Oversight – how will the Board oversee the approach to AI?

The key challenge for any Board grappling with new technology or new markets will be to ensure that the Board has a sufficient level of understanding of the subject matter, and the risks it poses to the firm, to allow it to oversee the firm’s approach to the issues.  Boards needed to upskill when cybersecurity emerged as a significant increased risk to the industry.  It will be the same with AI.

Boards will need to consider a number of questions in preparing themselves for the adoption of AI:

  • Is there a need for specific AI-related experience on the Board?

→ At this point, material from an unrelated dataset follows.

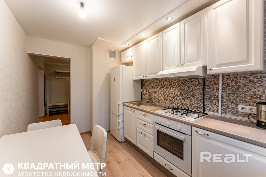 Самая дорогая квартира выставляется по адресу Максима Танка, 10. Это пятикомнатная квартира площадью 104,9 м² находится на третьем этаже. Кухня и гостиная тут объединены. Остальные комнаты — три детские и одна хозяйская спальня. В жилых комнатах на полу лежит паркет, а санузлы облицованы плиткой.

Given the fact that the move towards AI is a relatively recent development, the regulators are unlikely to consider significant prior experience of AI at Board level to be a pre-requisite for safe running.  However, firms clearly need to consider the extent to which some additional technology expertise may be required to bolster the Board, particularly if the firm becomes heavily reliant on AI as part of its overall business model. 

Boards may also invite non-board members if they have specific expertise.  For firms where Board-level expertise is not immediately available, this may offer a good way of accessing that expertise (though this should not be a substitute for board members taking steps to raise their awareness of AI, for example through training – for which, see below).

  • How do Board members come up to speed with the basic concepts underpinning AI?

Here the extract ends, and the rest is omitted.